Optimal simple continued fraction (with signed denominators) of exp(1/3). See A228935.

The convergents are a subset of those of the standard regular continued fraction; the sequence of the signs of the difference between the convergents and exp(1/3) starts with: -1, -1, 1, 1, -1, -1, 1, 1, -1, -1, 1, 1, -1, -1, 1, ...

For every couple of successive equal signs in this sequence there is a convergent of the standard expansion not present in this one.

Repeating the expansion for other numbers of type 1/k a common pattern seems to emerge. Examples:

exp(1/4) gives 1, 4, -2, -12, 2, 20, -2, -28, 2, 36, -2, -44, 2, 52, ...

exp(1/5) gives 1, 5, -2, -15, 2, 25, -2, -35, 2, 45, -2, -55, 2, 65, ...

so it seems that in general the terms for exp(1/k) are generated by the formulas a(0)=1 , a(2n+1)=(-1)^n*k*(2n+1) for n>=0 , a(2n)=(-1)^n*2 for n>0 . These formulas give this expansion for exp(1/k):

exp(1/k) = 1+1/(k+1/(-2+1/(-3k+1/(2+1/(5k+1/(-2+1/(-7k+1/(2+....)))))))).

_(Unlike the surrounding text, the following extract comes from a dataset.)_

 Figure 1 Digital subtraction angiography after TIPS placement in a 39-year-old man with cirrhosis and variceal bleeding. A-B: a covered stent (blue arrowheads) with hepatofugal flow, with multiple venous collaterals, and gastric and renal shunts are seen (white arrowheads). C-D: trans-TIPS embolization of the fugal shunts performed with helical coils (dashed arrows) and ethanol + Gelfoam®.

that can be rewritten in this equivalent form:

exp(1/k) = 1+1/(k-1/(2+1/(3k-1/(2+1/(5k-1/(2+1/(7k-1/(2+....)))))))).

This general expansion seems to be valid for any real value of k.

Closed form for the general case exp(1/k): b(n) = (1+(-1)^n-(1-(-1)^n)*k*n/2)*i^(n*(n+1)) for n>0 and with i=sqrt(-1). [Bruno Berselli, Nov 01 2013]

LINKS

Table of n, a(n) for n=0..49.

Index entries for linear recurrences with constant coefficients, signature (0,-2,0,-1).

FORMULA

This sequence can be generated by these formulas:

a(0)=1; for n>=0, a(2n+1) = 3*(-1)^n*(2n+1), a(2n) = 2*(-1)^n for n>0.

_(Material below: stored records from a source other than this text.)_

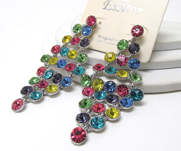 WHOLESALE MULTI RHINESTONE LINE METAL ARROWHEAD DROP EARRING 381647
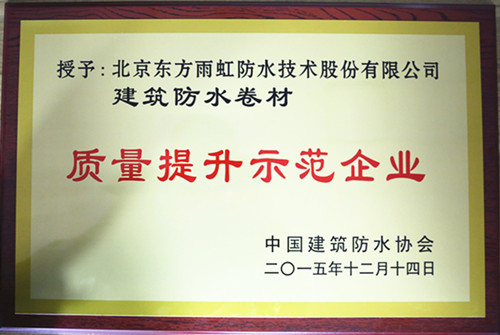 12月14日,中國建筑防水協(xié)會(huì)第七次會(huì)員大會(huì)暨“全國建筑防水行業(yè)質(zhì)量提升大會(huì)”在京舉行。北京東方雨虹防水技術(shù)股份有限公司在會(huì)上被評(píng)為“質(zhì)量提升示范企業(yè)”。 2015年9月,在國家質(zhì)檢總局的指導(dǎo)下,由中國建筑防水協(xié)會(huì)聯(lián)合地方防水社團(tuán)組織及骨干企業(yè)開展的建筑防水行業(yè)“質(zhì)量提升萬里行”活動(dòng)啟動(dòng),東方雨虹作為“建筑防水行業(yè)質(zhì)量萬里行”典型單位,在會(huì)上被授予“質(zhì)量提升示范企業(yè)”稱號(hào)。
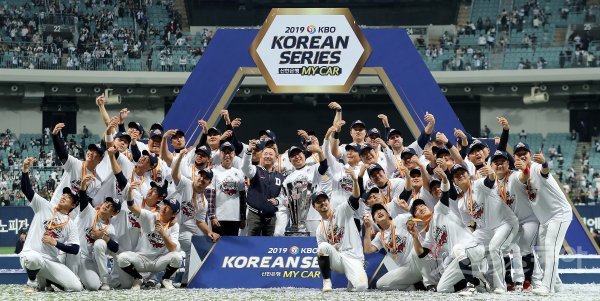 26일 서울 고척스카이돔에서 열린 ‘2019 신한은행 MY CAR KBO 포스트시즌’ 한국시리즈 4차전 두산 베어스와 키움 히어로즈의 경기에서 두산이 연장 접전 끝에 11-9로 승리, 시리즈 전적 4승으로 한국시리즈 여섯 번째 우승과 함께 통산 세 번째 통합 우승을 이뤄냈다. 두산 박정원 회장(가운데), 김태형 감독을 비롯한 선수단 전원이 기념촬영을 하고 있다.
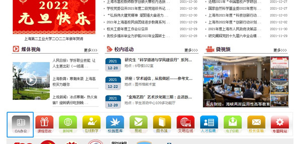 1.方式一:访问上海第二工业大学官网www.sspu.edu.cn,点击页面左下角的“OA办公”图标,进入统一身份认证系统登录界面。
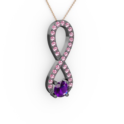 Ametist ve pembe kuvars 925 ayar siyah rodyum kaplama gümüş kolye (40 cm gümüş rolo zincir)

Formulae for the general case exp(1/k):

b(0)=1; for n>=0, b(2n+1) = (-1)^n*k*(2n+1), b(2n) = 2*(-1)^n.

b(n) = 2*cos(n*Pi/2)+k*n*sin(n*Pi/2) for n>0.

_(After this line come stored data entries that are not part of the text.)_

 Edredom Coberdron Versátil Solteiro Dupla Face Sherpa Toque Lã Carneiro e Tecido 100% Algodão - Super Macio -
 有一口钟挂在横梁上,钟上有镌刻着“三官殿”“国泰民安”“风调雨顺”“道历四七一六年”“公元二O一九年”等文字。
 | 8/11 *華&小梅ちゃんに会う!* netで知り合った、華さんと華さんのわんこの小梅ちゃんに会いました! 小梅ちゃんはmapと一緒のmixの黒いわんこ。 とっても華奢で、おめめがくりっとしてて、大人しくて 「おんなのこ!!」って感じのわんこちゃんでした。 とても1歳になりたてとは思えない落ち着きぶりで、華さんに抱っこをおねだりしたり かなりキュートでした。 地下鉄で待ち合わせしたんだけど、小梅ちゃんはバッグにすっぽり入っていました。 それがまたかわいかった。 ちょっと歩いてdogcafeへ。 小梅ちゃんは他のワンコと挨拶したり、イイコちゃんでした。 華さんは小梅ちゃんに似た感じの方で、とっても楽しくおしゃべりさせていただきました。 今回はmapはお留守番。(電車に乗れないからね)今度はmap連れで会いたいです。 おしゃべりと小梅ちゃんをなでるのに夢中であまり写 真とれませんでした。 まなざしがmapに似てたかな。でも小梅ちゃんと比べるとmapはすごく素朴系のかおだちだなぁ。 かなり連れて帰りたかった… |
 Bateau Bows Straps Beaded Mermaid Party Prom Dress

exp(1/k) = 1+1/(k-1/(2+1/(3k-1/(2+1/(5k-1/(2+1/(7k-1/(2+....)))))))).

G.f. : (1-x)*(1+x)*(1+k*x+x^2)/(1+x^2)^2.

From Colin Barker, Oct 26 2013: (Start)

a(n) = (-i)^n+i^n+1/2*(((-i)^n-i^n)*n)*(3*i) for n>0, where i=sqrt(-1).

a(2n) = 2*(3*n*sin(Pi*n)+cos(Pi*n)) for n>0.

a(2n+1) = (6*n+3)*cos(Pi*n)-2*sin(Pi*n) for n>=0.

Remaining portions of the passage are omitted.